> WORK TASK: Please repeat, exactly and without pictures, the lines of the entries below that run from the one containing "Saves changes to" through the one containing "Laura Van der".

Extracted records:
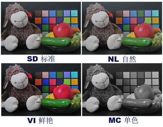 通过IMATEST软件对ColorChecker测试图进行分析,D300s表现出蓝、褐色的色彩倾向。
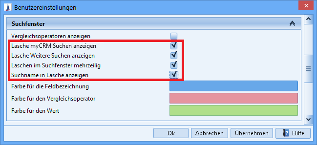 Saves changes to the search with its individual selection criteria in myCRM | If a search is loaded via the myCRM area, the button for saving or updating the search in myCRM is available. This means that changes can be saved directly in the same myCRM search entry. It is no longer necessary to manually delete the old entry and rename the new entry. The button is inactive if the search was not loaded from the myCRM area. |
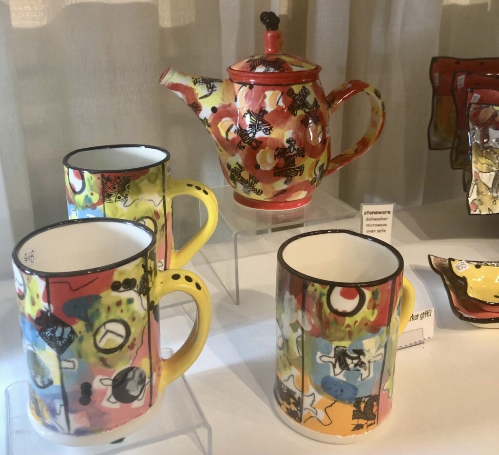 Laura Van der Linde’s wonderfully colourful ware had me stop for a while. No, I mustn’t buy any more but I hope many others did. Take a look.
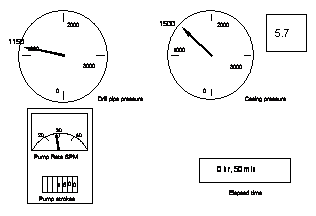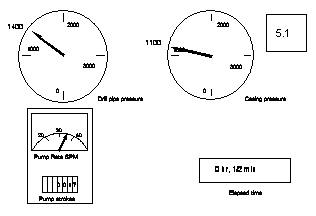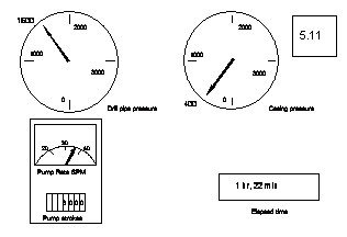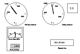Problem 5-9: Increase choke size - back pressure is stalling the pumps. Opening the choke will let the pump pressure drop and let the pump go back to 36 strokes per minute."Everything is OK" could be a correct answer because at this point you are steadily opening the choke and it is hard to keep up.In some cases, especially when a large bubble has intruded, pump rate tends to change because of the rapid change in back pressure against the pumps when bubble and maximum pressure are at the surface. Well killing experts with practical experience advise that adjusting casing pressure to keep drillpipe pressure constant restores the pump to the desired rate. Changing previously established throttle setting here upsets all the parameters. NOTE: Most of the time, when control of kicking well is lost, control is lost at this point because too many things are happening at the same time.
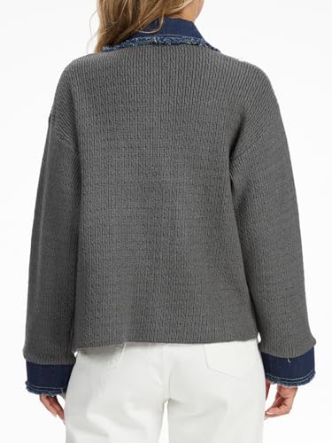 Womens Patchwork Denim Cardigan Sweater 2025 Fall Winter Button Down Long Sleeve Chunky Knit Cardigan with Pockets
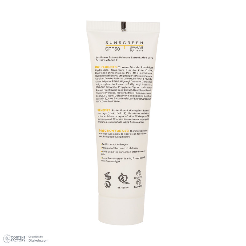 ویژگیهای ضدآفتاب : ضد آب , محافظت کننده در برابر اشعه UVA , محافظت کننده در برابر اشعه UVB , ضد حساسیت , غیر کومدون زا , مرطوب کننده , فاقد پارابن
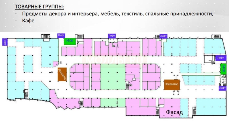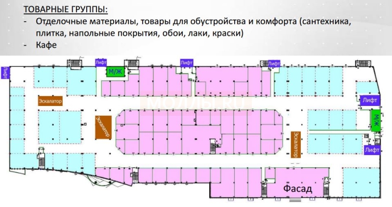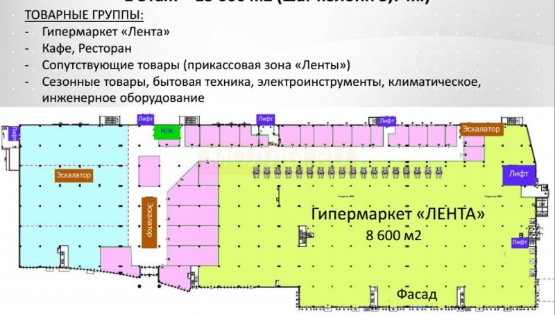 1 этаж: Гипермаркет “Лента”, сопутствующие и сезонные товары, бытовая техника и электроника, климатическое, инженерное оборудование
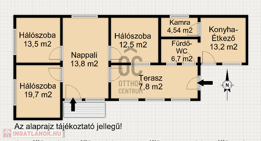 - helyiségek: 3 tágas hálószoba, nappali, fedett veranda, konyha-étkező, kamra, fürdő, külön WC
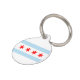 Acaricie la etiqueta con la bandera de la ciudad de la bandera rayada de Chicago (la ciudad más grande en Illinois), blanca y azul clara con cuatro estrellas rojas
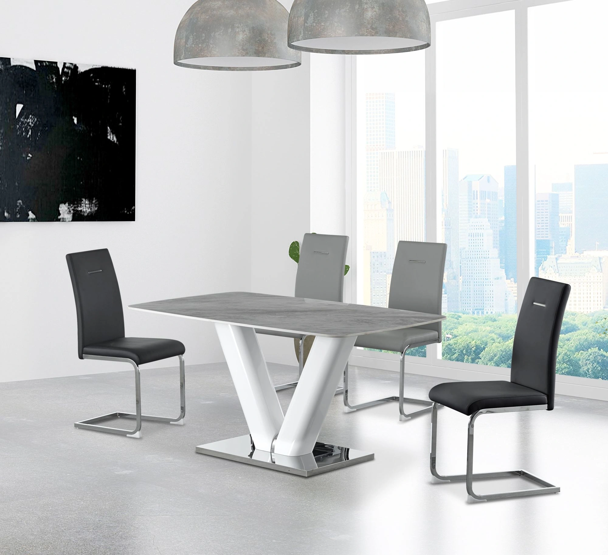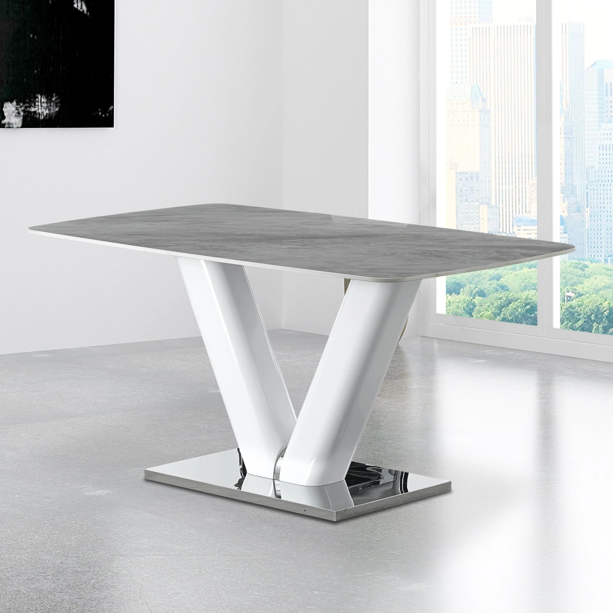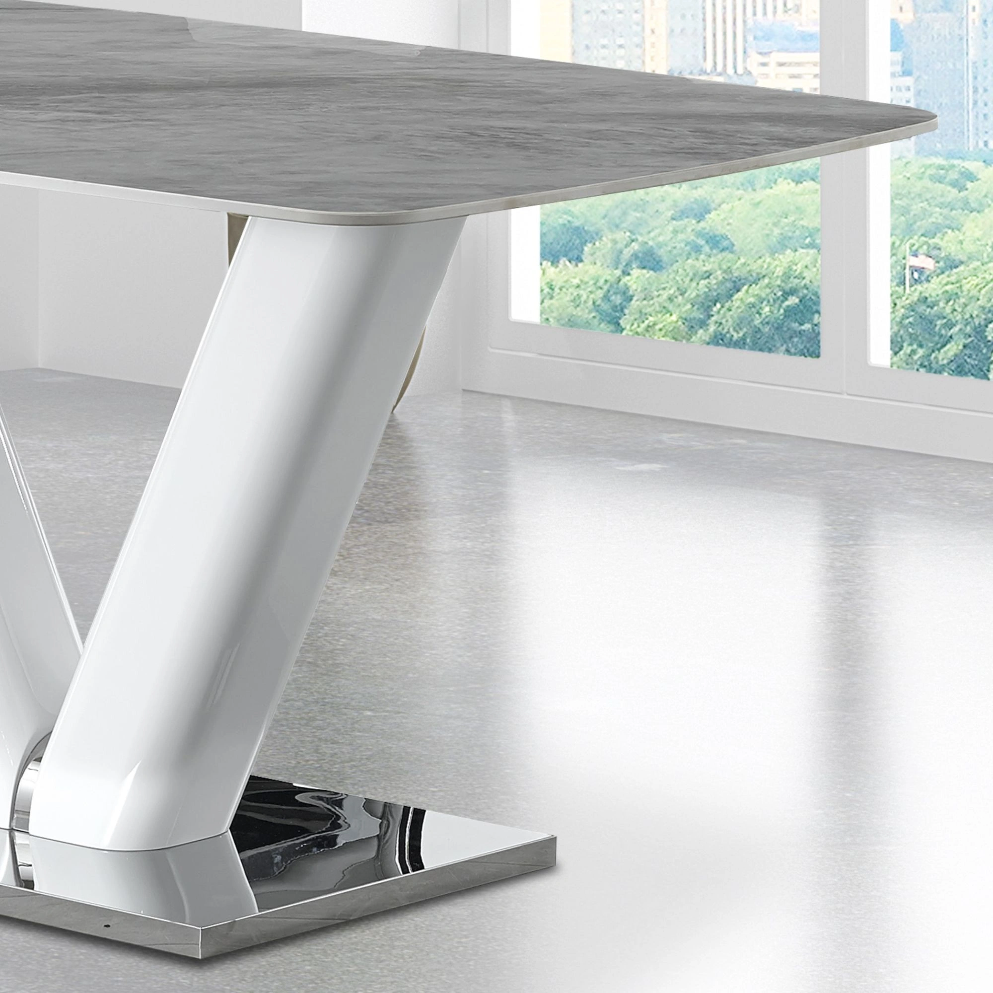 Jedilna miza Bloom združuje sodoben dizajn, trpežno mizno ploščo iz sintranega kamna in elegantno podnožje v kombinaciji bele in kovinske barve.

> YOUR RESPONSE:
 Saves changes to the search with its individual selection criteria in myCRM | If a search is loaded via the myCRM area, the button for saving or updating the search in myCRM is available. This means that changes can be saved directly in the same myCRM search entry. It is no longer necessary to manually delete the old entry and rename the new entry. The button is inactive if the search was not loaded from the myCRM area. |
 Laura Van der Linde’s wonderfully colourful ware had me stop for a while. No, I mustn’t buy any more but I hope many others did. Take a look.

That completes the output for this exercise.